According to the Winnipeg Realtors Association, 10 per cent of residential properties sold at list price in March, with a whopping 57 per cent selling for more than the list price.

Even a former drug house recently went for $70,000 more than the $119,900 asking price. The house was in such bad shape, offers had to be made sight unseen.


"If you can believe it, they had 44 offers on it and the winning offer had first right of refusal after seeing the house in a hazmat suit," says Hrechka. "There was mould everywhere from the grow-op and the house had to be totally gutted."

Renovating your way to a big payday has never been bigger in Winnipeg, but the Prairie city isn`t the only place where you can still cash in. In Western Canada, Saskatchewan`s real estate market is also still hot.

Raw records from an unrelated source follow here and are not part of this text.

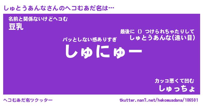 | 2回繰り返すあだ名 | 『しゅしゅ』『ししゅゅ』『ぬらぬら』 |
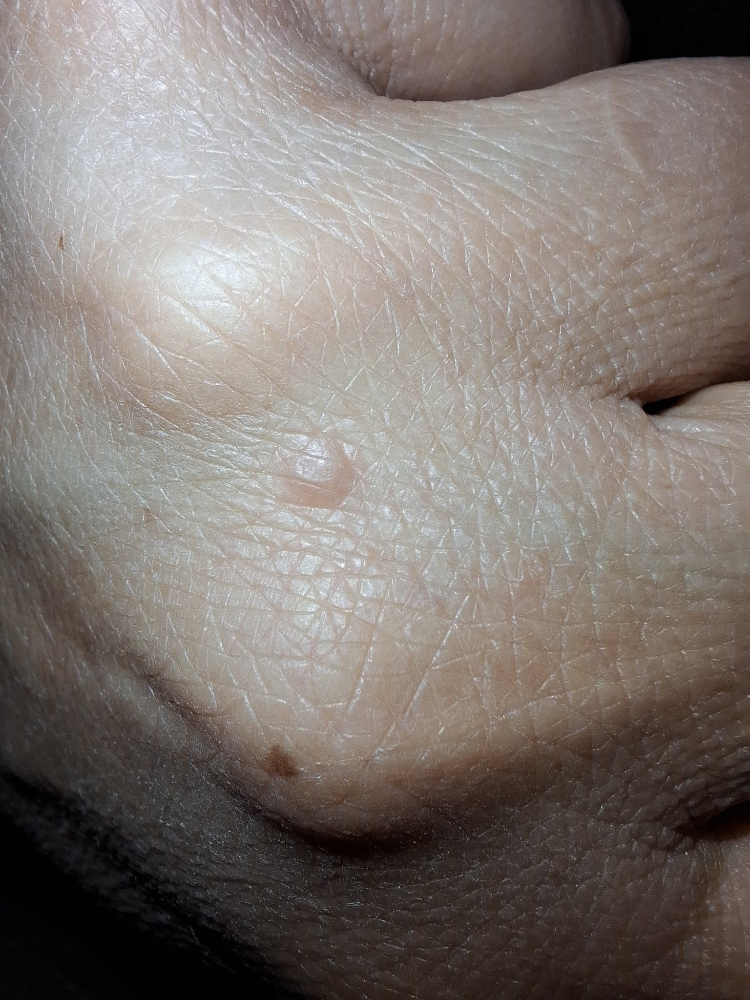 Здравейте, наскоро забелязах това на ръката , мисля че имаше нещо като пъпчица но сега малко е пораснало. Дали е някакъв вид папилом или брадавица?
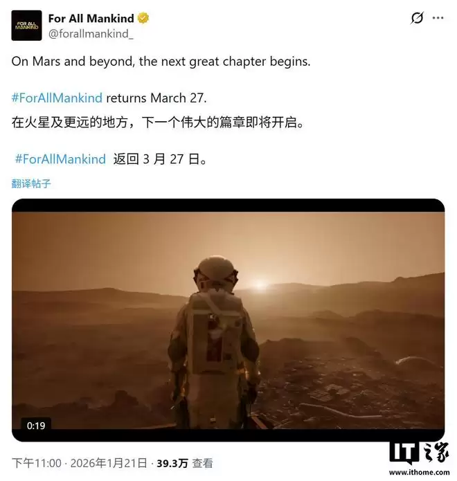 1月22日,据IT之家消息,苹果Apple TV旗下科幻热剧《为全人类》第五季确定将于2026年3月27日(周五)正式回归。本季共10集,系列大结局定于5月29日播出。
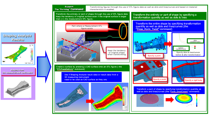 FORX-EX quickly and highly precisely models for shaping and models by executing the “Forming” command on the basis of material characteristics data and STL figure data. FORM-EX helps users to shorten delivery durations.
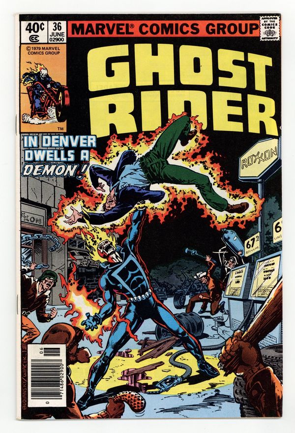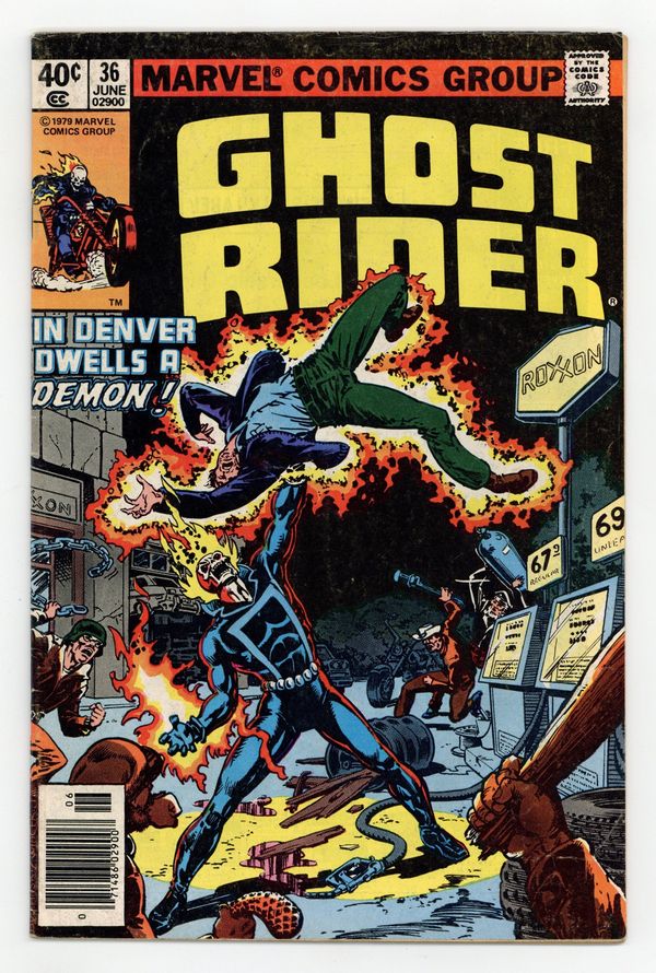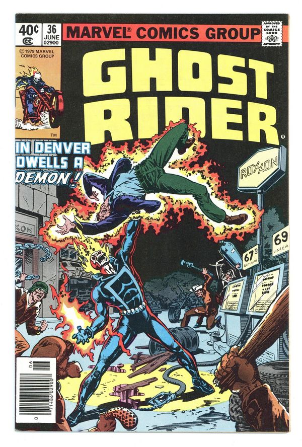 Newsstand Edition. First 40c cover-priced issue - "A Demon in Denver!" Story by Michael Fleisher. Art by Don Perlin. Cover by Bob Budianski and Bob Wiacek. Johnny Blaze learns that some days it's just not easy being the Ghost Rider. Spider-Man stars in Hostess ad " Hotshot on the Block!" Cover price $0.40.

http://www.businessedge.ca/article.cfm/newsID/17770.cfm
 
QUOTE (LornaRush @ Apr 6 2008, 02:30 AM) I was wondering what REIN thinks of Manitoba for investing. Based on the info here it seems like there is no middle to Canada. I would love to hear what other REIN members think about Manitoba. Thanks so much. Lorna Rush


Not a REIN member...yet! (A Quickstart student) I use to live there til 1988! In all the years, i had never heard of bidding wars taking place in that city til last year! Two seasons, winter and construction. Mosquitos, are the provincial bird. Mustn`t forget the canker worms in the spring that eat the leaves of the trees so they have to grow a second set. Property taxes will be about 30% higher than Calgary with a similar house. LOTS of old houses/buildings and seniors there. NDP was popular which provided many social programs for the seniors, but neglected the infrastructure. Hot muggy summers and cold winters with lots of snow! It is a good place to be from! My nephew is there with his co. www.topnotchproperties.ca He is doing JVs. The big industry is clothing in Winnipeg and farming in southern Manitoba and to the west. Fall time is beautiful and Winnipeg is known for friendly people. Lots of lakes to the north of Winnipeg. Brandon is a cool city.
 
The reason that there are bidding wars with final sales prices thousands over asking is that the realtors in Winnipeg have developed a nasty habit of setting the asking price artificially low in the hope of starting a bidding war between buyers. Then people get caught up in the frenzy and emotion.
 
I own property in Brandon and feel it is a good place. Be very careful though. The rent control police are powerful and if you buy and think you can raise the rent to the right level you may have a problem. Even if you buy with vacant posession you may not be able to increase rent much above the previous levels. Also remember they charge a fine (land transfer tax) to buy there.

Can be a good place but do your homework.